Fabricated germanium (Ge)-doped optical fibre glow curve characteristics are investigated with respect to computed tomography (CT) dosimetry. 2.3 mol% and 6 mol% Ge-dopant concentration preforms have been used to produce flat and cylindrical fibres (FF and CF) of various size and diameter. The fibres are irradiated to doses of 20, 30 and 40 mGy for each of the beam qualities RQT 8 (100 kV), RQT 9 (120 kV) and RQT 10 (150 kV). The thermoluminescence (TL) kinematic parameters studied are maximum temperature (Tmax), activation energy (Ea) and peak integral (PI). The glow curve formations are reconstructed from the Windows®–based radiation evaluation and management system (WinREMS), deconvoluted using glow curve deconvolution (CGCD) analysis software. The structures of the glow curves are broad single or double-peaked, occurring at relatively high glow peak temperatures, TL response increases with radiation dose and peak height decreases with increasing energy, showing clear photoelectric dependence.
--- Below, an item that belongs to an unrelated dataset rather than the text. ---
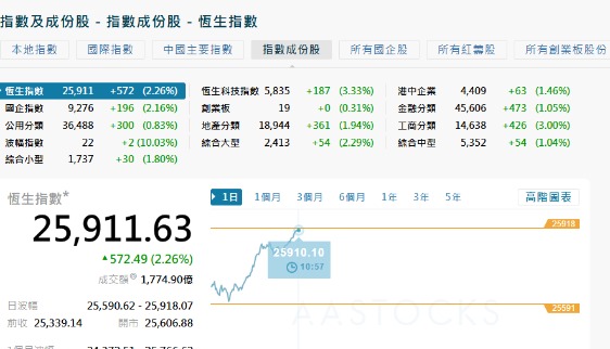 恒指高開350點,報26958點後升幅擴大。截至早上10時10分左右,恒指報27118點,升509點或1.92%。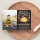 Herbst in Liebe mit diesen bezaubernden rustikalen Kindergeburtstag Party Einladungen mit einem LieblingsFoto auf der links Seite. Das Design umfasst einen orangefarbenen Kürbis, der mit bordeauxroten, rosa und orangefarbenen Blume und grünem Blattwerk auf einem Holzboden verziert ist. "Unser kleiner Kürbis dreht sich" erscheint oben in schicken Kalligraphie-Schriftzeichen mit dem Alter Ihres Kindes auf dem Kürbis. Beispiel zum ersten Geburtstag gezeigt. Personalisieren Sie Ihre Geburtstagsfeierdetails in weißer Schrift.

The deconvoluted glow curves for all fibres are seen to consist of five individual glow peaks, P1 to P5, P1 being dominant in all cases other than for 6 mol% Ge-FF for which P3 is dominant due to the formation of a double-peaked glow curve. Tmax increases from P1 to P5 for all fibres, throughout the energy range used. P1 and P3 (6 mol% Ge-FF) have the lowest Ea, while P4 shows the greatest Ea for all fibres. The results indicate that electrons in P1 and P3 (6 mol% Ge-FF) are occupied at low energy traps while for P4, the electrons are trapped at a deeper energy level. The lowest PI value, indicative of the least number of electrons, is shown to be that of the deeper trap P4 for all energies investigated. This study provides support for the use of 6 mol% and 2.3 mol% preform fibres for CT dosimetry, each with similar kinetic parameters.

Item Type: Article
Uncontrolled Keywords: Ge-doped optical fibre; CT dosimetry; Glow curve
Subjects: R Medicine > R Medicine (General) > R895-920 Medical Physics/Medical Radiology
Divisions: Others > Non Sunway Academics
Sunway University > School of Medical and Life Sciences [formerly School of Healthcare and Medical Sciences until 2020] > Centre of Biomedical Physics [wef 2021 changed to Research Centre for Applied Physics and Radiation Technologies and moved to SET ]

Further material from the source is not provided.